An exact copy of every entry is required, without the pictures.

Dataset items
%%

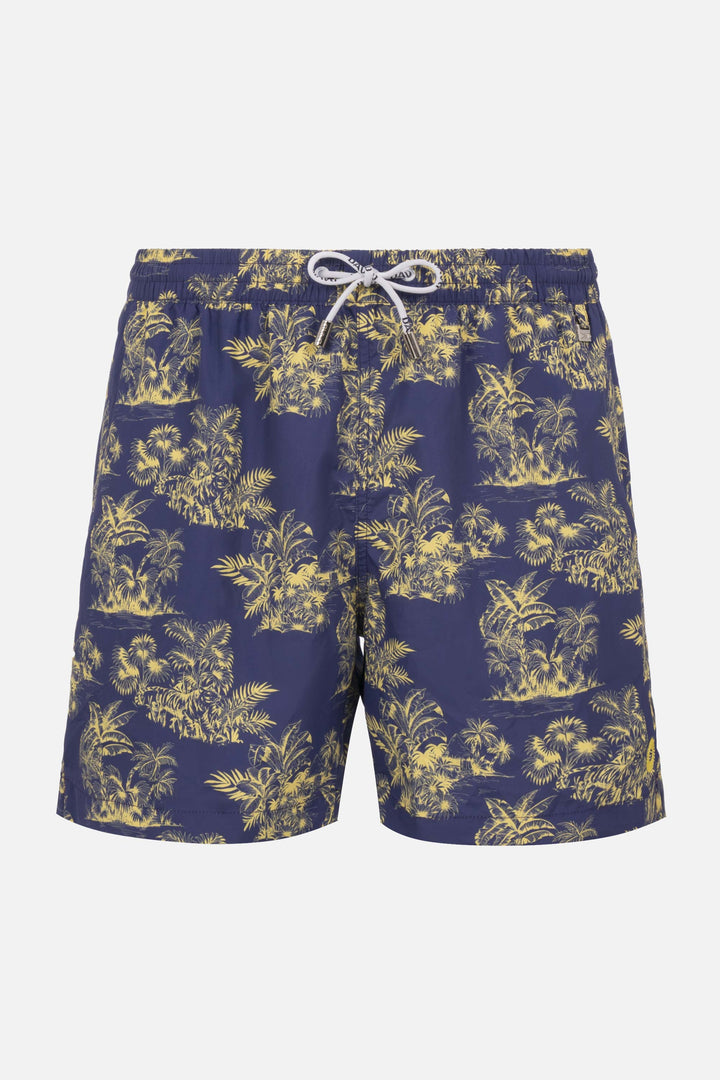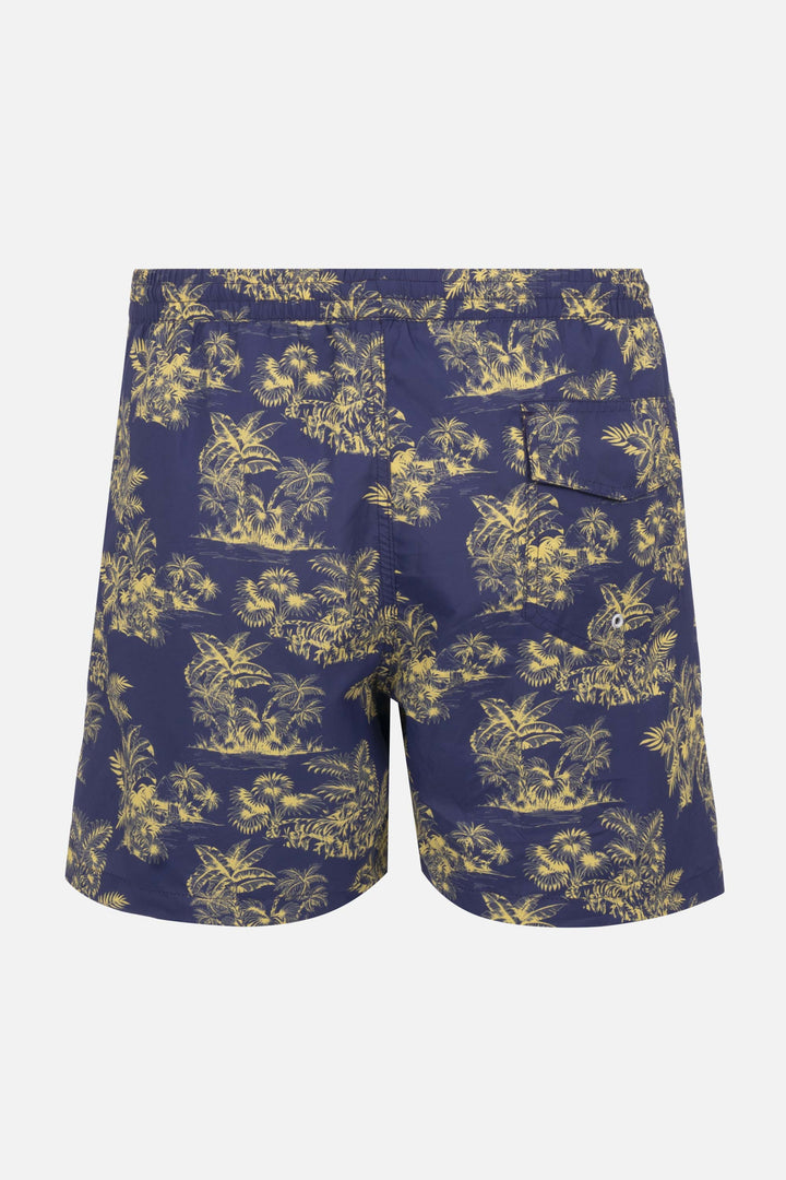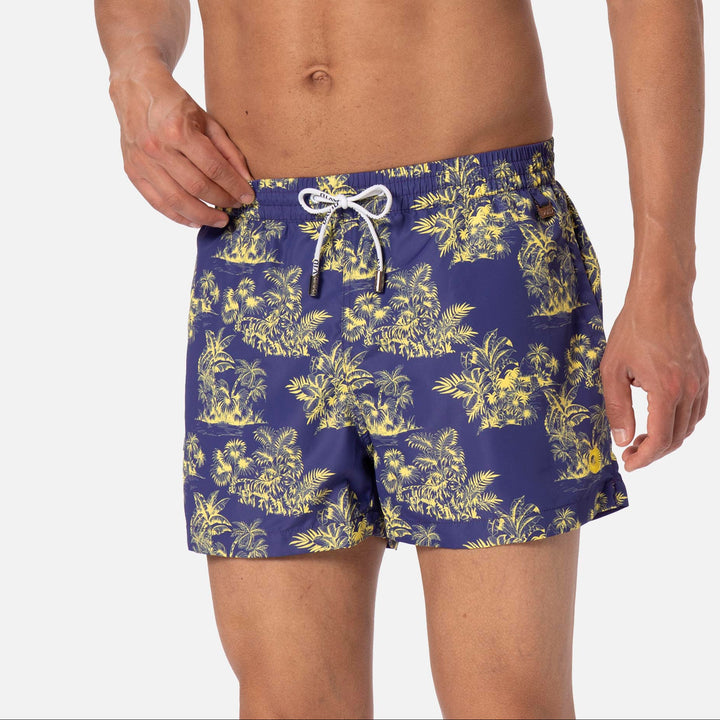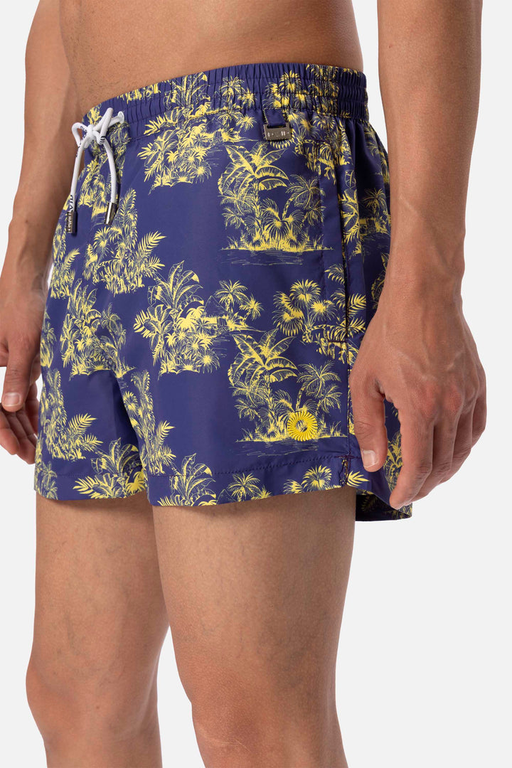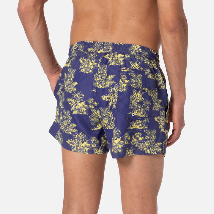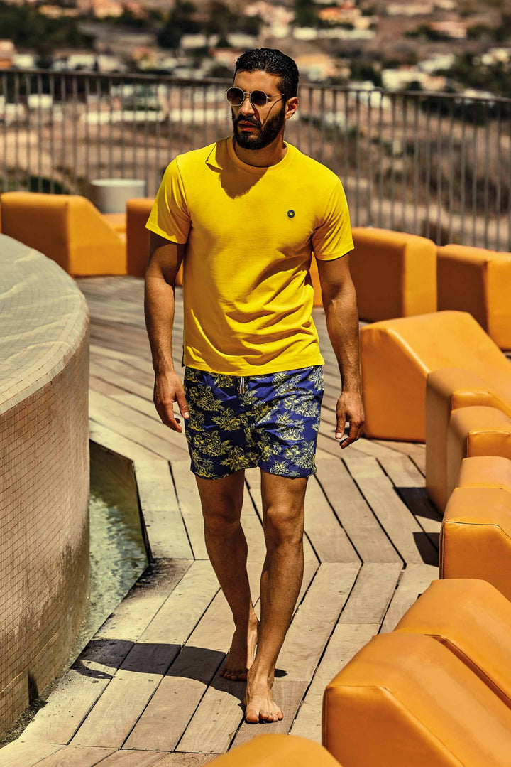 Prepárate para tus aventuras de verano con el estilo y la comodidad de nuestro bañador tipo boxer Eric. La fantasía tropical amarilla y azul es perfecta para hacerte destacar en la playa, mientras que el tejido técnico Soft Touch garantiza un ajuste cómodo y un secado rápido. Aprovecha los bolsillos laterales y el ajuste regulable con banda elástica para una experiencia sin preocupaciones.
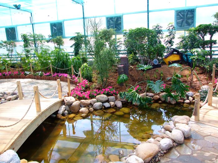 走進(jìn)旅順蝴蝶園中的蝶戀花區(qū),盡管是在室內(nèi),但宛若走進(jìn)了一處南國風(fēng)情的鄉(xiāng)間小隅,潺潺的流水,彎彎的小橋,石頭鋪就的小路,還有翠綠的葉,嬌艷的花,舞動的蝶,更有在水中游動的紅鯉,這就是大師筆下的一副彩色山水圖。
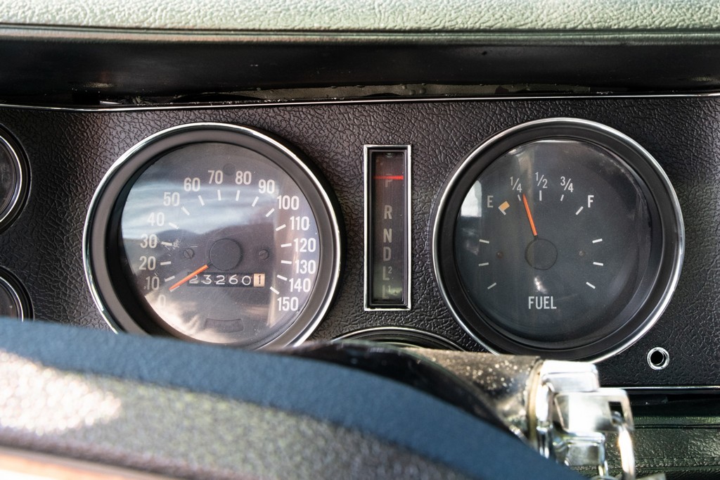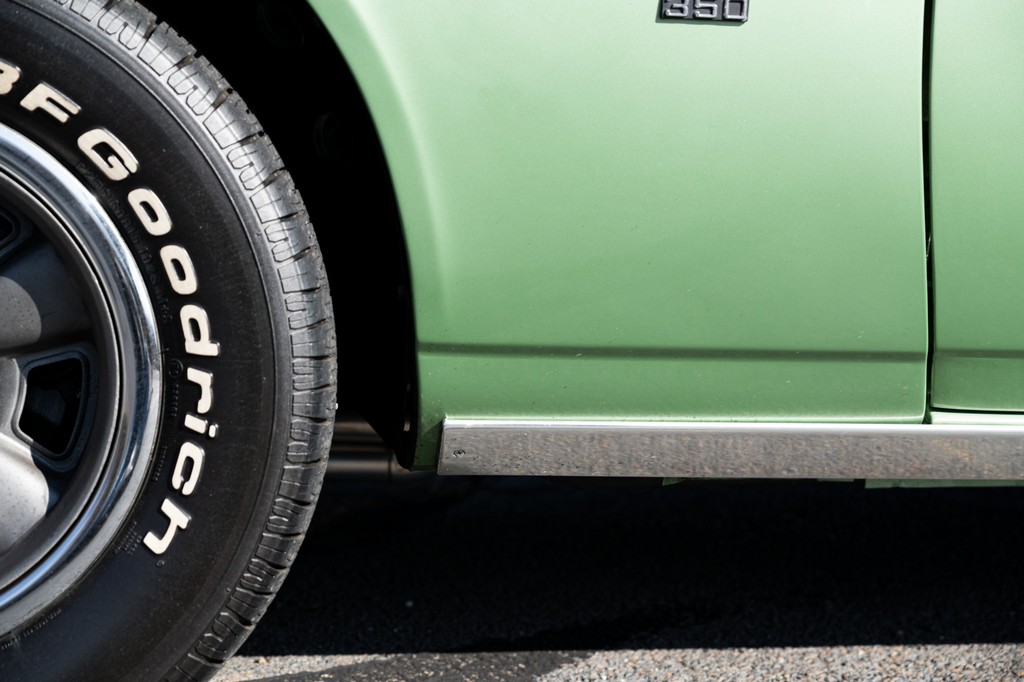 Power comes from a replacement 383ci V8, paired with a three-speed TH350 automatic transmission, delivering strong performance and smooth drivability. The car was refurbished under previous ownership prior to being acquired by the current seller in 2017 and is finished in metallic green with black stripes over a dark green standard interior.
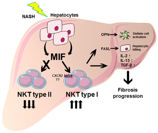 Taken together, these data suggest that the pro-fibrotic effect of the cytokine MIF in NASH-induced fibrosis progression may—at least in part—be due to a direct effect on NKT cell polarization and perpetuation of the fibrogenic response (Figure 8).
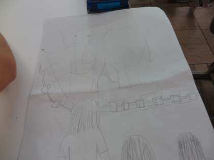 下絵から、イメージした場面を詳しく描きました。
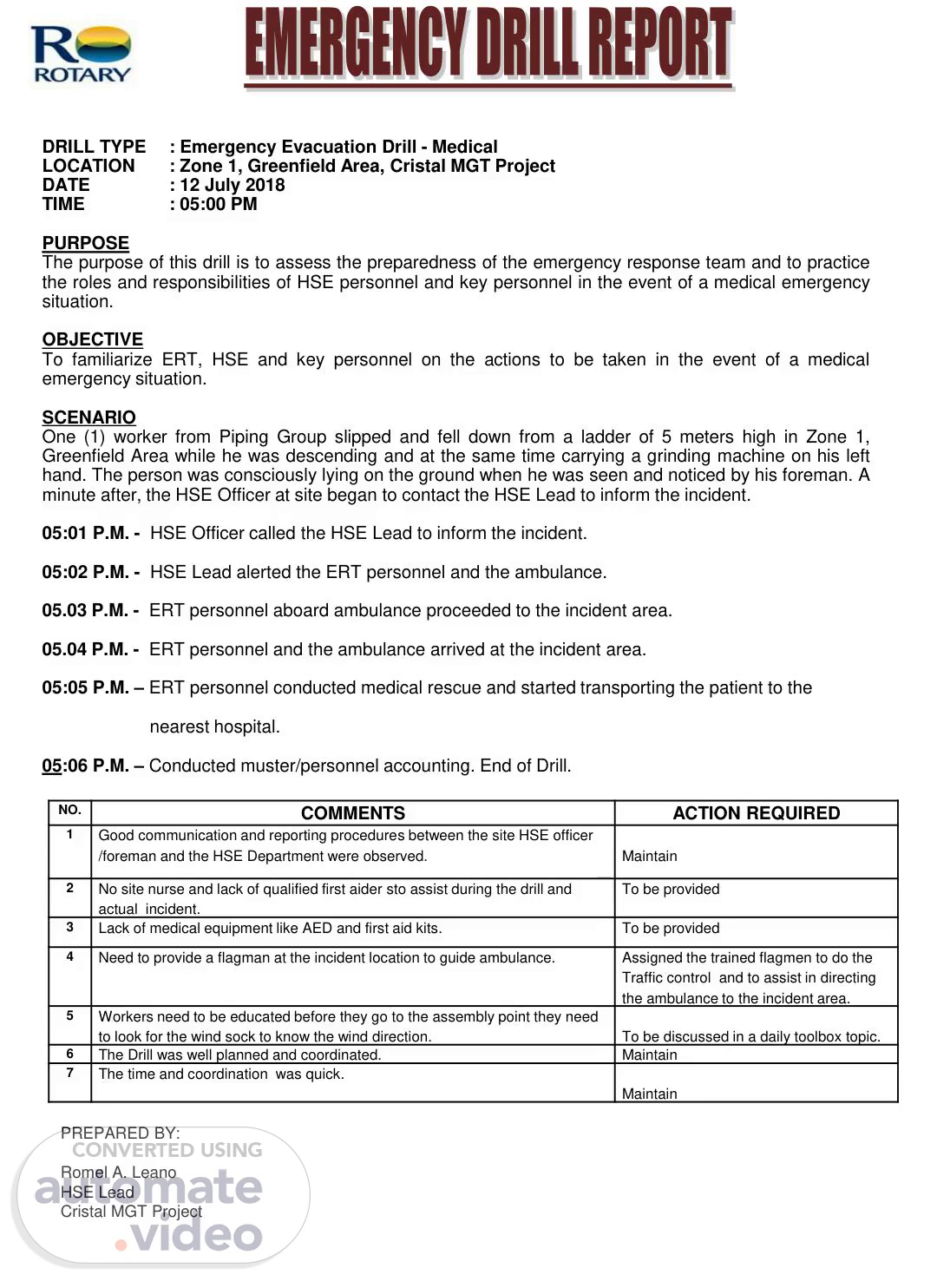 [Audio] DRILL TYPE : Emergency Evacuation Drill - Medical LOCATION : Zone 1, Greenfield Area, Cristal MGT Project DATE : 12 July 2018 TIME : 05:00 PM PURPOSE The purpose of this drill is to assess the preparedness of the emergency response team and to practice the roles and responsibilities of HSE personnel and key personnel in the event of a medical emergency situation. OBJECTIVE To familiarize ERT, HSE and key personnel on the actions to be taken in the event of a medical emergency situation. SCENARIO One (1) worker from Piping Group slipped and fell down from a ladder of 5 meters high in Zone 1, Greenfield Area while he was descending and at the same time carrying a grinding machine on his left hand. The person was consciously lying on the ground when he was seen and noticed by his foreman. A minute after, the HSE Officer at site began to contact the HSE Lead to inform the incident. 05:01 P.M. - HSE Officer called the HSE Lead to inform the incident. 05:02 P.M. - HSE Lead alerted the ERT personnel and the ambulance. 05.03 P.M. - ERT personnel aboard ambulance proceeded to the incident area. 05.04 P.M. - ERT personnel and the ambulance arrived at the incident area. 05:05 P.M. – ERT personnel conducted medical rescue and started transporting the patient to the nearest hospital. 05:06 P.M. – Conducted muster/personnel accounting. End of Drill. PREPARED BY: Romel A. Leano HSE Lead Cristal MGT Project NO. COMMENTS ACTION REQUIRED 1 Good communication and reporting procedures between the site HSE officer /foreman and the HSE Department were observed. Maintain 2 No site nurse and lack of qualified first aider sto assist during the drill and actual incident. To be provided 3 Lack of medical equipment like AED and first aid kits. To be provided 4 Need to provide a flagman at the incident location to guide ambulance. Assigned the trained flagmen to do the Traffic control and to assist in directing the ambulance to the incident area. 5 Workers need to be educated before they go to the assembly point they need to look for the wind sock to know the wind direction. To be discussed in a daily toolbox topic. 6 The Drill was well planned and coordinated. Maintain 7 The time and coordination was quick. Maintain.

%%

## [Answer space]
 Prepárate para tus aventuras de verano con el estilo y la comodidad de nuestro bañador tipo boxer Eric. La fantasía tropical amarilla y azul es perfecta para hacerte destacar en la playa, mientras que el tejido técnico Soft Touch garantiza un ajuste cómodo y un secado rápido. Aprovecha los bolsillos laterales y el ajuste regulable con banda elástica para una experiencia sin preocupaciones.
 走進(jìn)旅順蝴蝶園中的蝶戀花區(qū),盡管是在室內(nèi),但宛若走進(jìn)了一處南國風(fēng)情的鄉(xiāng)間小隅,潺潺的流水,彎彎的小橋,石頭鋪就的小路,還有翠綠的葉,嬌艷的花,舞動的蝶,更有在水中游動的紅鯉,這就是大師筆下的一副彩色山水圖。
 Power comes from a replacement 383ci V8, paired with a three-speed TH350 automatic transmission, delivering strong performance and smooth drivability. The car was refurbished under previous ownership prior to being acquired by the current seller in 2017 and is finished in metallic green with black stripes over a dark green standard interior.
 Taken together, these data suggest that the pro-fibrotic effect of the cytokine MIF in NASH-induced fibrosis progression may—at least in part—be due to a direct effect on NKT cell polarization and perpetuation of the fibrogenic response (Figure 8).
 下絵から、イメージした場面を詳しく描きました。
 [Audio] DRILL TYPE : Emergency Evacuation Drill - Medical LOCATION : Zone 1, Greenfield Area, Cristal MGT Project DATE : 12 July 2018 TIME : 05:00 PM PURPOSE The purpose of this drill is to assess the preparedness of the emergency response team and to practice the roles and responsibilities of HSE personnel and key personnel in the event of a medical emergency situation. OBJECTIVE To familiarize ERT, HSE and key personnel on the actions to be taken in the event of a medical emergency situation. SCENARIO One (1) worker from Piping Group slipped and fell down from a ladder of 5 meters high in Zone 1, Greenfield Area while he was descending and at the same time carrying a grinding machine on his left hand. The person was consciously lying on the ground when he was seen and noticed by his foreman. A minute after, the HSE Officer at site began to contact the HSE Lead to inform the incident. 05:01 P.M. - HSE Officer called the HSE Lead to inform the incident. 05:02 P.M. - HSE Lead alerted the ERT personnel and the ambulance. 05.03 P.M. - ERT personnel aboard ambulance proceeded to the incident area. 05.04 P.M. - ERT personnel and the ambulance arrived at the incident area. 05:05 P.M. – ERT personnel conducted medical rescue and started transporting the patient to the nearest hospital. 05:06 P.M. – Conducted muster/personnel accounting. End of Drill. PREPARED BY: Romel A. Leano HSE Lead Cristal MGT Project NO. COMMENTS ACTION REQUIRED 1 Good communication and reporting procedures between the site HSE officer /foreman and the HSE Department were observed. Maintain 2 No site nurse and lack of qualified first aider sto assist during the drill and actual incident. To be provided 3 Lack of medical equipment like AED and first aid kits. To be provided 4 Need to provide a flagman at the incident location to guide ambulance. Assigned the trained flagmen to do the Traffic control and to assist in directing the ambulance to the incident area. 5 Workers need to be educated before they go to the assembly point they need to look for the wind sock to know the wind direction. To be discussed in a daily toolbox topic. 6 The Drill was well planned and coordinated. Maintain 7 The time and coordination was quick. Maintain.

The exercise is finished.